# Headphones



## animalcrossing64 (Sep 15, 2013)

I was wondering if you guys and gals could help me with my shopping. I'm looking for a reliable pair of headphones preferably earbuds, that will last me a long time. I'm trying to spend the least amount of money possible to get what I want. I'm just going to be using them to listen to music in my house and not disturb others, so ''sound-proof'' would be nice.

I can't wait to hear your suggestions!

Thanks!


----------



## animalcrossing64 (Sep 15, 2013)

What do you guys think of these? They are noise isolating, have good reviews, and claim to produce decent sound. Also, they have a 1 year warranty.

Rosewill RHTS-12007 Canal High Fidelity Passive No...


----------



## Kursah (Sep 15, 2013)

Those look okay for the price! That is dirt cheap. I used to go with cheap earbuds until I needed a better sounding and more durable set. I found Ironbuds...they are modular, come with extra buds and tons of tips all in a decent case that also fits my sansa mp3 player. For the price Iron buds takes the cake for me...I prefer them to most of my full-size headphone collection. Sound great amped or unamped, and they do a great job of keeping sound isolation both directions for me at pleasant listening volumes. 

http://www.acousticforge.com/

I know it's a lot more than what you have, but they're worth a look. Though I'm sure the Rosewill pair will probably treat you fine, I say go for it if that's your budget!


----------



## animalcrossing64 (Sep 15, 2013)

Kursah said:


> Those look okay for the price! That is dirt cheap. I used to go with cheap earbuds until I needed a better sounding and more durable set. I found Ironbuds...they are modular, come with extra buds and tons of tips all in a decent case that also fits my sansa mp3 player. For the price Iron buds takes the cake for me...I prefer them to most of my full-size headphone collection. Sound great amped or unamped, and they do a great job of keeping sound isolation both directions for me at pleasant listening volumes.
> 
> http://www.acousticforge.com/
> 
> I know it's a lot more than what you have, but they're worth a look. Though I'm sure the Rosewill pair will probably treat you fine, I say go for it if that's your budget!



Thanks for responding. Those headphones are sick! I just personally don't need all those features right now. I guess the rosewills get one check so far. I thought they were decent and thats all i'm really looking for. I think im gonna go with them, but ill wait to purchase to see if I get some more input. Thanks again!


----------



## remixedcat (Sep 15, 2013)

Pick up some senns or shures.


----------



## SaltyFish (Sep 17, 2013)

You have a budget in mind? Also, are you looking for anything from your headphones other than durability and low sound leakage? Judging from your link to the Rosewill RHTS-12007, it seems to be below 30 USD. The "best bang for the buck" headphones are around 50-100 USD.

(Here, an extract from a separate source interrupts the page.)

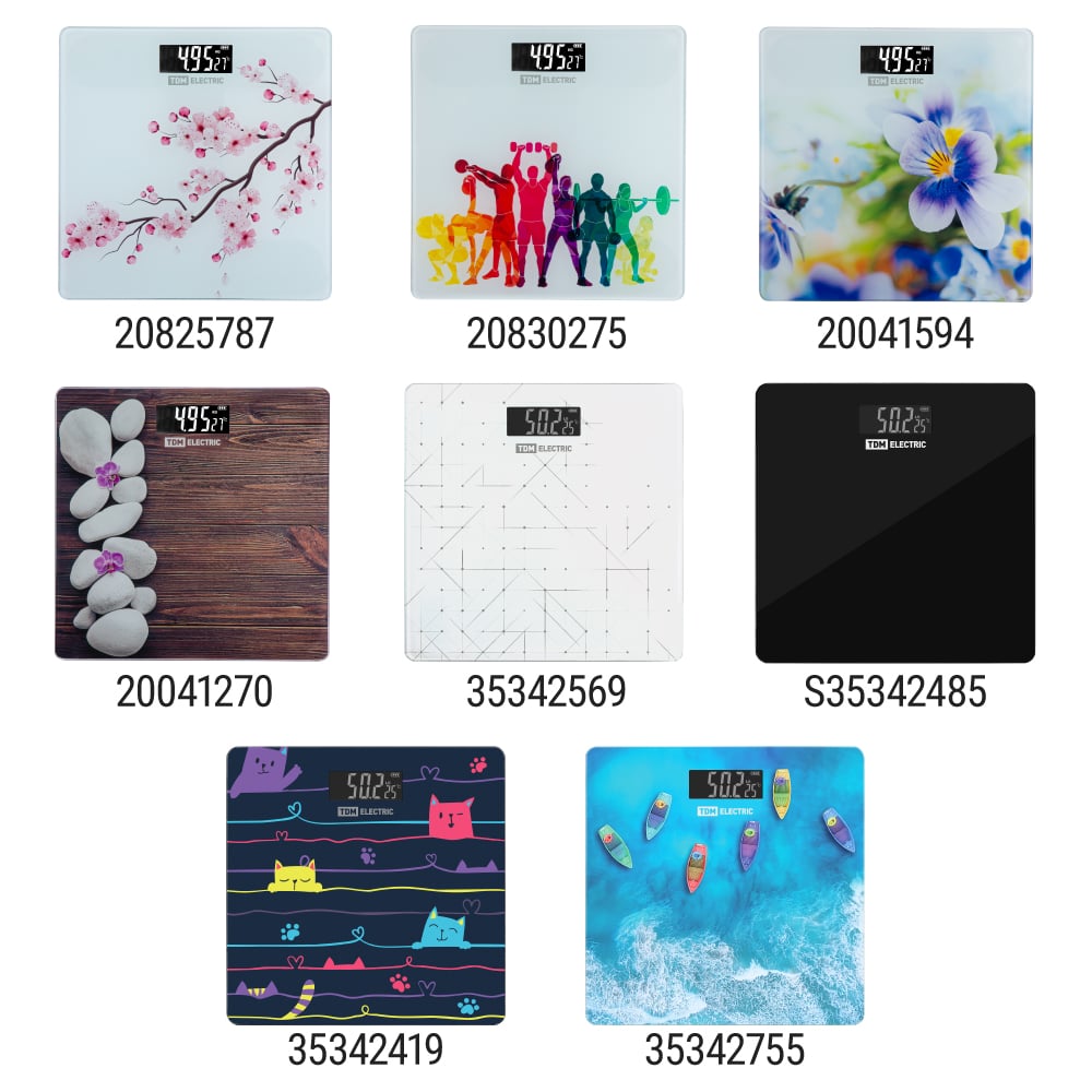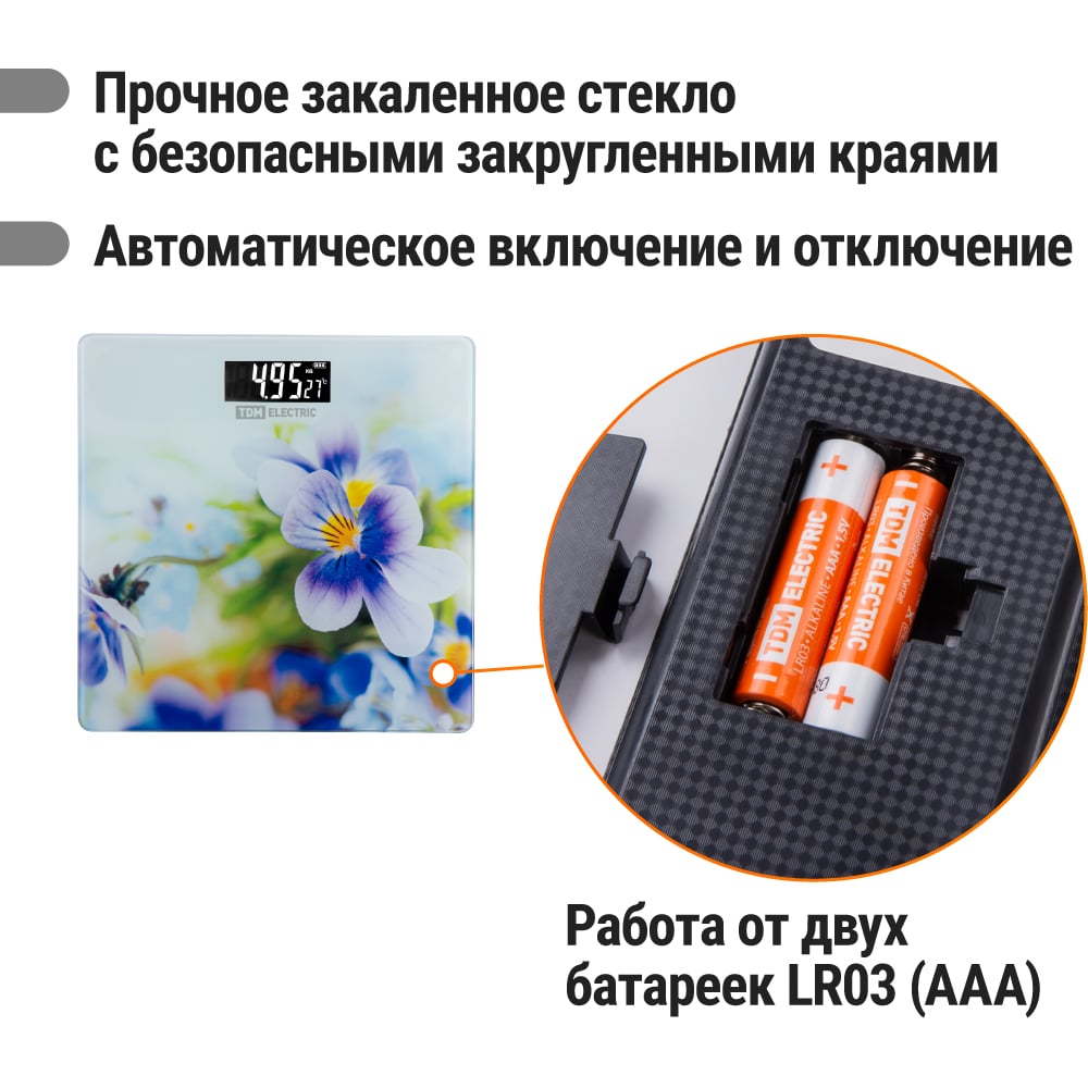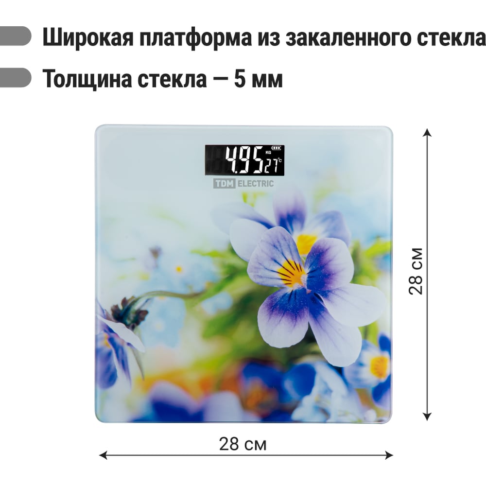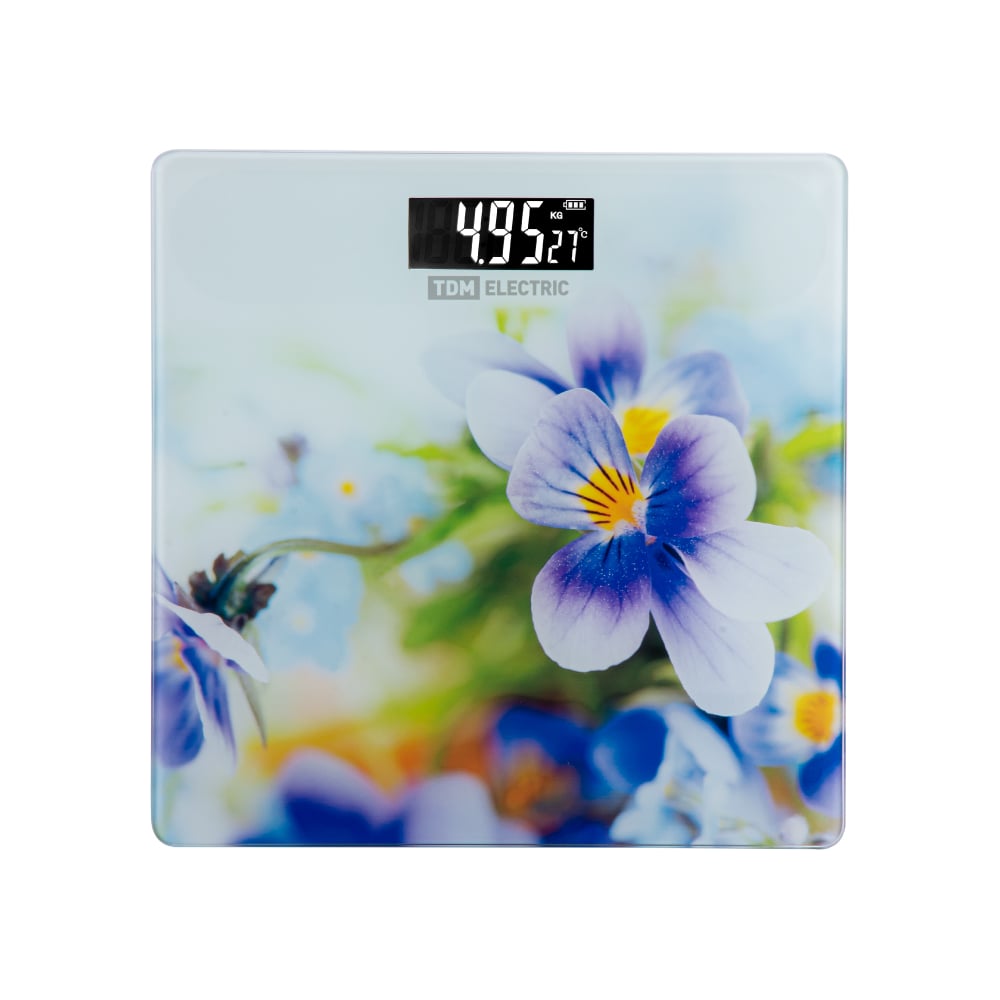 Электронные напольные весы TDM ELECTRIC Фиалки, стекло, деление 0,01 кг, макс. 180 кг, 28х28 см SQ4012-0003

There's the Superlux HD669. It won't leak sound since it's a closed headphone, but the initial clamping force is a bit strong and your ears will sweat from the tight seal and thick non-porous pleather. However, the detachable cable design makes it very friendly for your needs (it comes with a 1 meter and a 3 meter long cable; you can even combine both). The HD669 may be a bit difficult to find outside of Europe and Asia (I'm assuming you're from the USA due to the Newegg link) and the price varies depending on where you are but should be around 50 USD, give or take 15. A similar model at the same price, the Superlux HD668B and the rebranded Samson SR850, is more widely available in the States. However, they are "semi-open" and may leak sound, especially if you like to listen at very high volumes.

There's also the AKG K512 MKII and it goes for around 55 USD. It's very light, the cloth pads won't make your ears sweat, and the clamping force isn't skull-crushing (though that may cause sound leakage at high volumes even if it's technically a closed headphone).


----------



## Aithos (Oct 16, 2013)

If you must have some in-ear headphones (over ear are better sound quality and better for your ears) I would look at either Sennheiser or Beats, I got some Beats ear buds off ebay for my ipod for like 40 bucks (130 retail).  You just need to watch for a good sale. For over ear the Beats and Sennheiser are again my brands of choice.  I got a big pair of the Monster Beats from a contest and the sound quality is very high, my computer headsets for years have been Sennheiser and they make great headphones as well.


----------